■ **WORK ORDER**
Write each line out exactly, from the one containing "CREW CLOTHING Suéter" through the final line of the data, and keep pictures out of the copy.

■ **RECORDS FOR THIS EXERCISE**
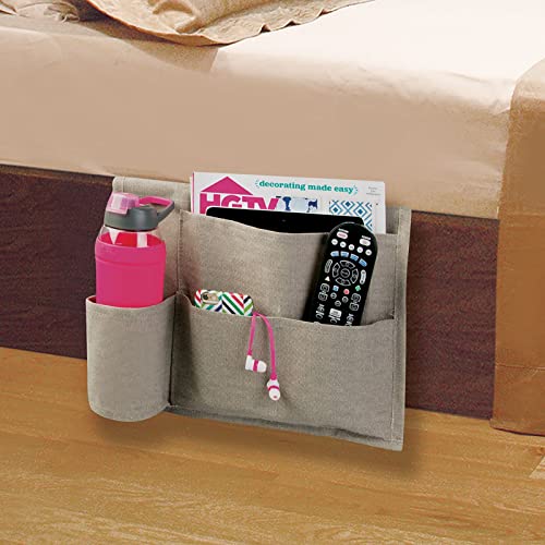 MDesign portaoggetti letto grigio - tasche portaoggetti per cellulare, telecomando, riviste, occhiali - vano portaoggetti per il letto - 4 tasche
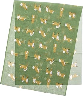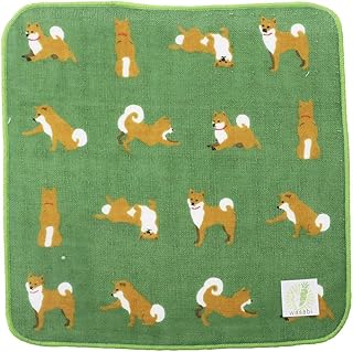 柴田さんの住む東京わさび町[ミニタオル]片面ガーゼハンカチタオル/しばたさん 柴犬【グリーン 】
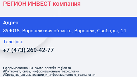 РЕГИОН-ИНВЕСТ, компания по адресу 394018, Воронежская область, Воронеж, Свободы, 14 в дальнейшем Организация, размещена в следующих категориях:
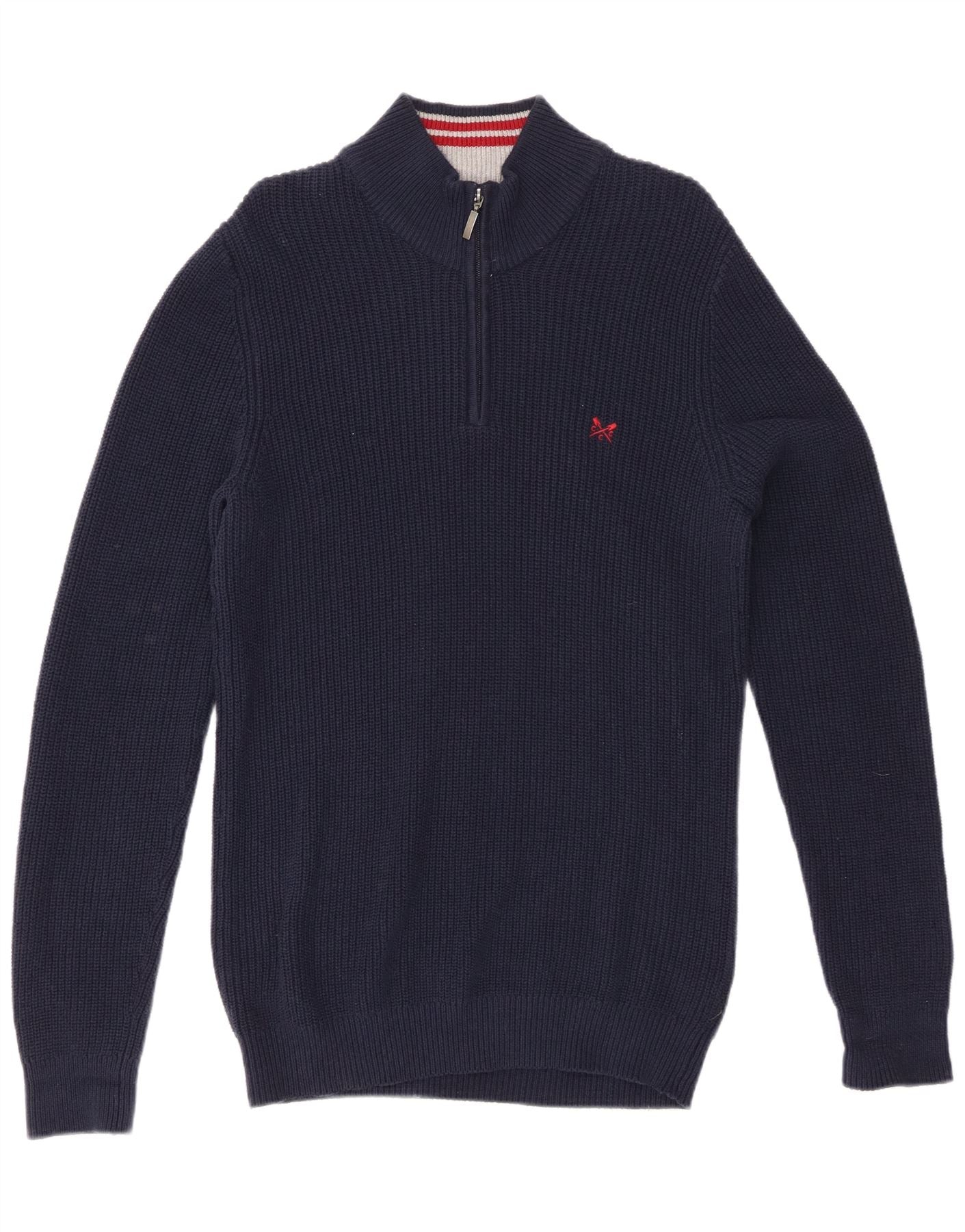 CREW CLOTHING Suéter tipo jersey con cuello y cremallera para mujer UK 40 Algodón azul marino mediano
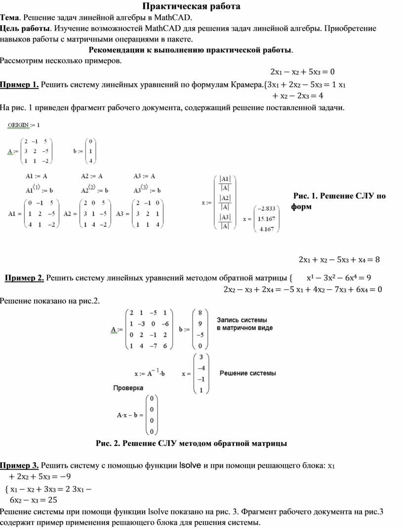 Тема. Решение задач линейной алгебры в MathCAD.
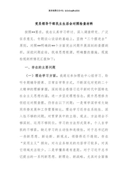 / 【七哥公文】2024年:党员领导干部民主生活会对照检查材料+更多免费公文+VX:QiGeGongWen2024

■ **ANSWER SPACE**
 CREW CLOTHING Suéter tipo jersey con cuello y cremallera para mujer UK 40 Algodón azul marino mediano
 Тема. Решение задач линейной алгебры в MathCAD.
 / 【七哥公文】2024年:党员领导干部民主生活会对照检查材料+更多免费公文+VX:QiGeGongWen2024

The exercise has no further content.